The first tells us that the survival possibilities of ‘incumbent’ governments have increased two-fold since the decade of 1989-98, when almost all incumbents were on a losing spree. But in 2008, we saw three of the four states in north India returning their governments to power. Before that, we had Gujarat, and after that we have had Andhra Pradesh and Orissa doing the same. In other words, the days of blind anti-incumbency are over.

State governments are getting much more money from the central government, and this helps them implement various welfare programmes to assuage popular disaffection. comes from the recently-held Lok Sabha election. We saw a mild turn in favour of the Congress, and if the state government can skillfully hide behind the goodwill of the central government, it can possibly duck anti-incumbency this time, too.

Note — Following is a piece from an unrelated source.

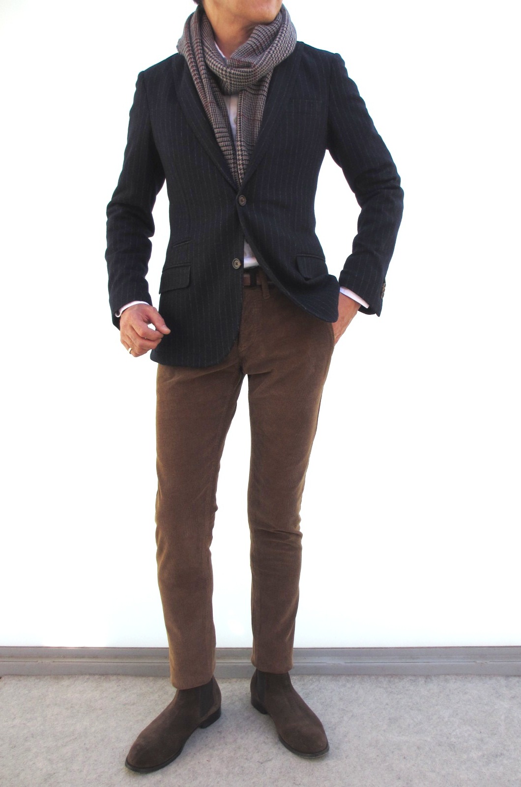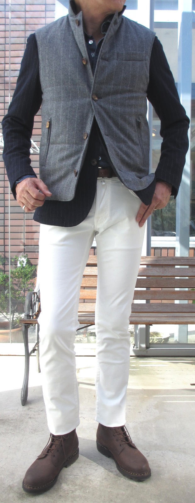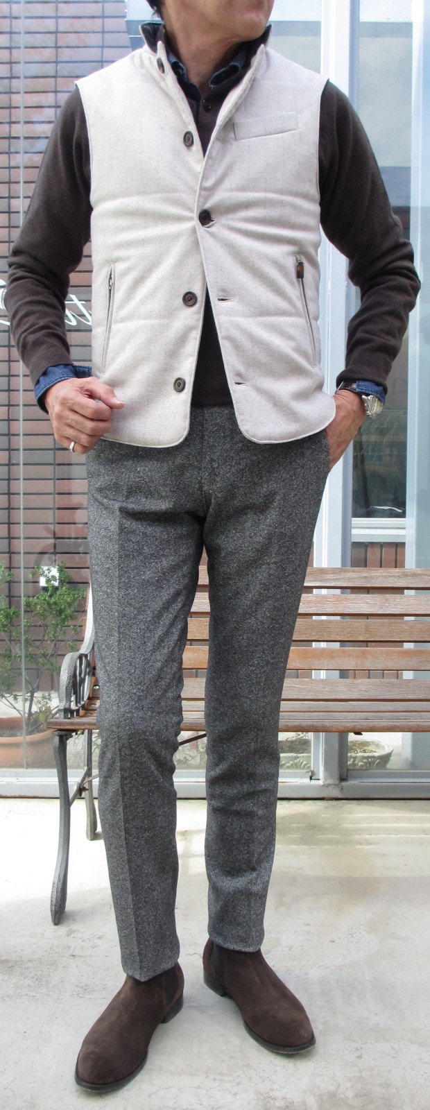 敢えてジレを合わせ、タイをしてみましたが、ジャケットの色を拾ったニットを合わせ、柔らかなグラデーションで組み合わせても素敵でしょうね。様々なコーディネートでオンオフと使いこなせそうです。

If the Congress-NCP government gets re-elected, it would be matching the achievement of the BJP in neighbouring Gujarat, or the Congress in Delhi.

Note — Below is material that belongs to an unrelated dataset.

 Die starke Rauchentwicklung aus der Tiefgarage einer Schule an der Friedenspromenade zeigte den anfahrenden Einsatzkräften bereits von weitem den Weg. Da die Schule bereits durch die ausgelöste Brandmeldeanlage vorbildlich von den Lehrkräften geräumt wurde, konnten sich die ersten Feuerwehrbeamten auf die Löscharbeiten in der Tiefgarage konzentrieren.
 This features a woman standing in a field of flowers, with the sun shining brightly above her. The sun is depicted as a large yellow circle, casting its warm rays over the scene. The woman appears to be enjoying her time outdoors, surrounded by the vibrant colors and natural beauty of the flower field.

Matters get more complex when we look at state-specific factors. In 2004, the Congress-NCP combination saw a 10% drop in its vote compared to 1999 and still managed to return to power - at a time when the Sena-BJP alliance gained 3%. Today, these two coalitions have a net vote difference of 6% from 2004, which has come down to 5% in the recently-held Lok Sabha election. Paradoxically, between April and October, 2004, the ruling coalition lost votes while the opposition coalition gained. How did that happen? This is where you have to watch state specificities.

While the two coalitions in the state give us an artificial bipolarity, even a cursory acquaintance with state politics tells us that the real battle is multi-polar. The assembly election as a contest is much more open and accessible to a larger number of political players. It admits many more serious competitors in the battle.

For two reasons. One, smaller parties stand a greater chance of gaining winnable votes and, at worst, they can garner enough votes to upset many an applecart. Secondly, there are many more serious ‘independents’ and ‘rebels’ who defy the neat calculations of parties and observers alike. These two factors constrain the bipolarity and transform the electoral battlefield into a free-for-all. As the battle unfolds over the next few weeks, we shall keep returning to this state specificity that may hold the key to the outcome of the October assembly elections.